Although this technique is extremely sensitive, the
information obtained may be difficult to interpret.
Because bone changes, such as degeneration, may
appear identical to repair or regeneration, this
technique must be evaluated cautiously and in
combination with clinical findings.
73. Single-photon
emission computed
tomography (bone
scan). Area of
increased activity is
apparent in both
temporomandibular
joints.
74. Psychological Evaluation
Many patients with temporomandibular pain and
dysfunction of long-standing duration develop
manifestations of chronic pain syndrome behavior.
This complex may include gross exaggeration of
symptoms and clinical depression.

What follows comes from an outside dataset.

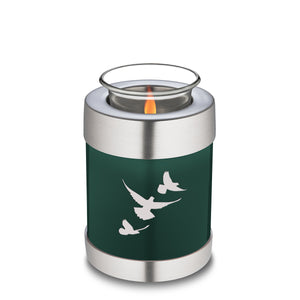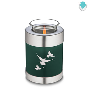 Honor the memory of your loved one with a Tealight Embrace Doves Cremation Urn for Ashes. This beautiful urn displays a flock of doves flying upwards. This is a perfect resting place for someone who embodied freedom and peace.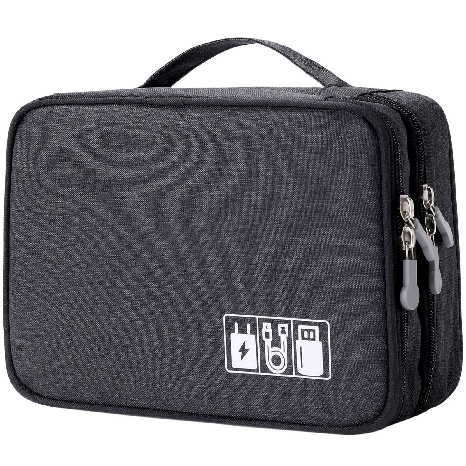 Lanola Travel Cable Organizer Bag, Electronic Accessories Case Portable Double Layer Cable Storage Bag for Cord,phone,Charger, Flash Drive, Phone, SD Card,Personal Items - (Black)

The comorbidity of
psychiatric illness and temporomandibular dysfunction
can be as high as 10% to 20% of patients seeking
treatment
A third of these patients is suffering from depression
at the time on initial presentation, whereas more than
two thirds have had a severe depressive episode in
their history.
75. Psychiatric disorders may elicit somatic
components through parafunctional habits
resulting in dystonia and myalgia, and individuals
with chronic pain commonly have a higher
incidence of concomitant anxiety disorders.
Behavioral changes associated with pain and
dysfunction can be elicited in the history through
questions regarding functional limitation that
results from the patient's symptoms.
If the functional limitation appears to be excessive
compared with the patient's clinical signs or the
patient appears to be clinically depressed, further
psychological evaluation may be warranted.